OMArk results give an estimate for the completess of the assembly. Only the completeness part of OMArk is relevant here, since the annotation done this way only consider genes annotated from mapping conserved genes.   
**Warning**: the consistency part of OMArk should not be used to evaluate proteomes directly annotated from OMArk output since it would be circular logic. Instead, consistency evaluation should only be used on annotation created from methods independant from OMArk.

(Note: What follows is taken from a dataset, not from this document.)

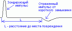 Рис 2.2 Рефлектограмма В левой части рисунка показана кабельная линия с муфтой и коротким замыканием, а в нижней части – рефлектограмма этой кабельной линии. Анализируя рефлектограмму линии, оператор получает информацию о наличии или отсутствии в ней повреждений и неоднородностей. Например, по приведенной выше рефлектограмме можно сделать несколько выводов. 1. На рефлектограмме кроме зондирующего импульса есть только два отражения: отражение от муфты и отражение от короткого замыкания. Это свидетельствует о хорошей однородности линии от начала до муфты и от муфты до короткого замыкания. 2. Выходное сопротивление рефлектометра согласовано с волновым сопротивлением линии, так как переотраженные сигналы, которые при отсутствии согласования располагаются на двойном расстоянии, отсутствуют. 3. Повреждение имеет вид короткого замыкания, так как отраженный от него сигнал изменил полярность. 4. Короткое замыкание полное, так как после отражения от него других отражений нет. 5. Линия имеет большое затухание, так как амплитуда отражения от короткого замыкания много меньше, чем амплитуда зондирующего сигнала. Если выходное сопротивление рефлектометра не согласовано с волновым сопротивлением линии, то в моменты времени 2∙tм, 4∙tм и т.д. будут наблюдаться переотраженные сигналы от муфты, убывающие по амплитуде, а в моменты времени 2∙tх, 4∙tх и т.д. – переотражения от места короткого замыкания. Основную сложность и трудоемкость при методе отраженных импульсов представляет выделение отражения от места повреждения на фоне помех. Метод импульсной рефлектометрии базируется на физическом свойстве бесконечно длинной однородной линии, согласно которому отношение между напряжением и током введенной в линию электромагнитной волны одинаково в любой точке линии. Это соотношение: W = U/I (2.1) имеет размерность сопротивления и называется волновым сопротивлением линии. При использовании метода импульсной рефлектометрии в линию посылают зондирующий импульс и измеряют интервал tх – время двойного пробега этого импульса до места повреждения (неоднородности волнового сопротивления). Расстояние до места повреждения рассчитывают по выражению: Lx = tx∙V/2, (2.2) где V – скорость распространения импульса в линии. Отношение амплитуды отраженного импульса Uо к амплитуде зондирующего импульса Uз обозначают коэффициентом отражения Котр: Котр = Uo/Uз = (W1 – W) / (W1 + W), (2.3) где: W – волновое сопротивление линии до места повреждения (неоднородности), W1 – волновое сопротивление линии в месте повреждения (неоднородности). Отраженный сигнал появляется в тех местах линии, где волновое сопротивление отклоняется от своего среднего значения: у муфт, у мест изменения сечения жилы, у мест сжатия кабеля, у места обрыва, короткого замыкания и т.д. Если выходное сопротивление импульсного рефлектометра отличается от волнового сопротивления измеряемой линии, то в месте подключения рефлектометра к линии возникают переотражения. Переотражения – это отражения от входного сопротивления рефлектометра отраженных сигналов, которые пришли к месту подключения рефлектометра из линии. Выходное и входное сопротивления рефлектометра, как правило, равны между собой. В зависимости от соотношения входного сопротивления рефлектометра и волнового сопротивления линии изменяется полярнос

## Assembly completeness with a genefinder

In case the ancestral lineage chosen by OMArk for your proteome is quite distant from your species of interest, it is best to use an *ab initio* predicttion method to first estimate the completeness of the assembly.

The cell below can help you by downloading sequences from the selected lineage to use as a training set for methods such as [Augustus](https://github.com/Gaius-Augustus/Augustus). 

In [None]:
#input for Genefinder
PATH_OUTPUT=  ''
sequence_of_hog = oc.get_sequences_hog(hog_list, nseq=20, level=LEVEL)
oc.write_FASTA_missing_HOGs(sequence_of_hog, PATH_OUTPUT)

Using *ab initio* annotation method can require parallelizing, or parameter tuning, that is best made following instructions from the authors of a method. Once predictions are made, you can use OMAmer and OMArk in their normal on the output protein FASTA file.